# SPH to Eulerian grid question

1. Jun 9, 2014

### TimeFall

Hello! I'm currently working on an algorithm that converts SPH (smoothed particle hydrodynamics) data to an Eulerian grid. Basically, the problem is this: each sph particle has an associated smoothing length, which is effectively the radius of a sphere centered at the sph particle's position. The properties of the particle as "smeared" out by a so-called smoothing kernel W(r, h), where r is the distance from the particle and h is the smoothing length. W is a piecewise polynomial. The idea is to get the points on the cell where the sphere overlaps it, and then integrate the smoothing kernel over this overlap volume. My problem is that I do not know of an efficient, effective way of getting these intersection points so that I can do the kernel integration, and was wondering if anyone out there did?

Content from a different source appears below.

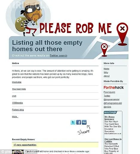 Site-ul, "Please rob me" (n.r. Te rog, fura-ma), lansat in aceasta saptamana, a fost criticat pentru ar fi instrumentul perfect pentru orice hot care se respecta. Cele trei creiere din spatele site-ul insista si spun ca ei nu ii ajuta pe spargatori, ci scot in evidenta pericolele pe care le aduce cel mai recent site de socializare, unde toti utilizatorii anunta locul unde se afla minut cu minut. Reteaua Foursquare, in care utilizatorii posteaza online locatia in care sunt, reprezinta o mina de aur pentru sparagatori, spun fondatorii site - ului "Te rog, fura-ma".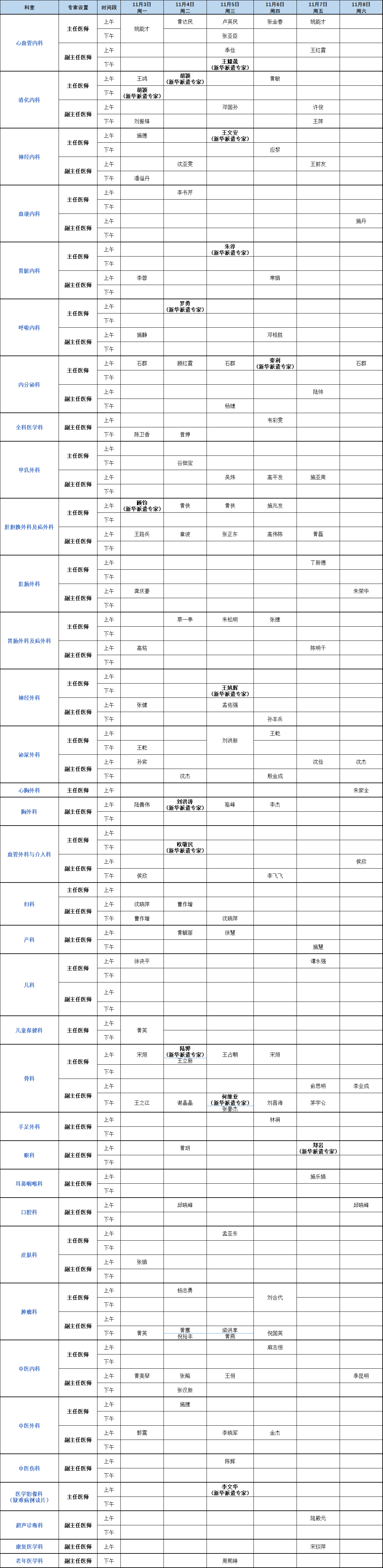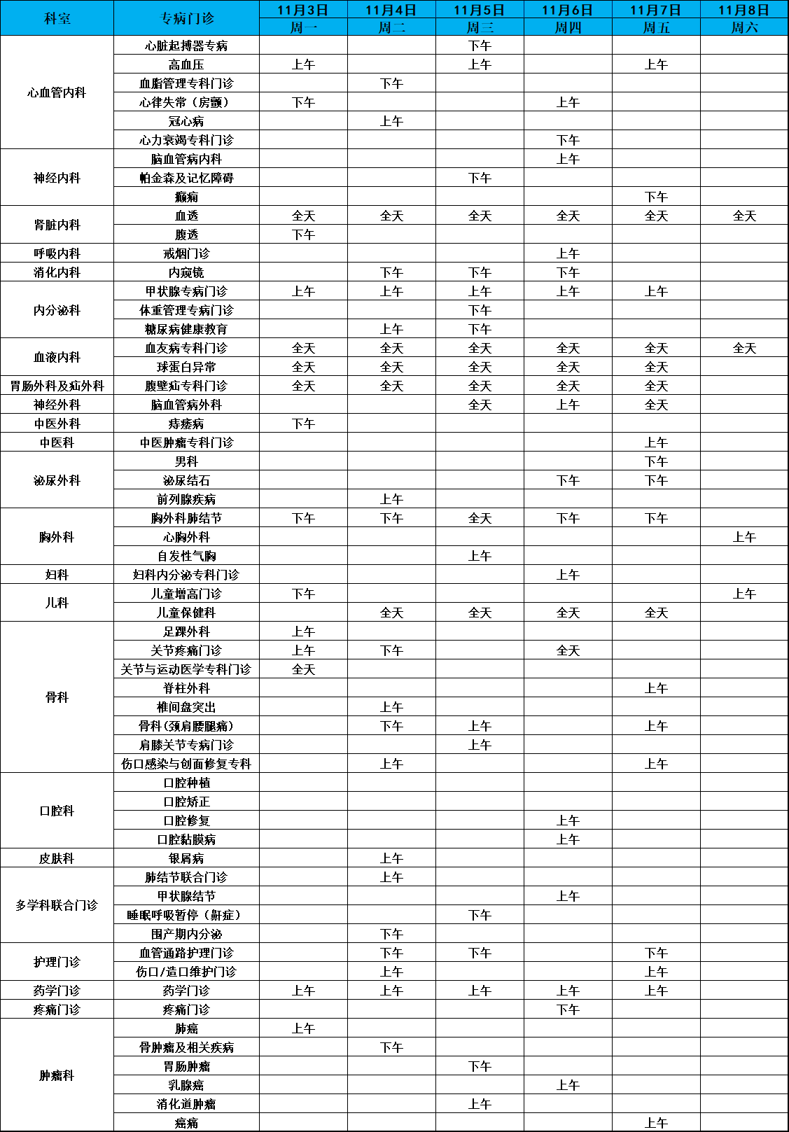 门诊安排(2025年11月3日-11月9日)

In a nutshell, I have a sphere that overlaps with a cube (not necessarily fully), and I would like to know the points of intersection in the x, y, and z directions. Or, if anyone knows of a better way to approach this problem, I am open to suggestions. Any help would be greatly appreciated! Thanks!

2. Jun 10, 2014

### .Scott

The intersection problem isn't that bad, but there are a lot of combinations to consider.
Basically, you start with the intersection of the sphere with each of the 6 planes - but I don't you need to do that.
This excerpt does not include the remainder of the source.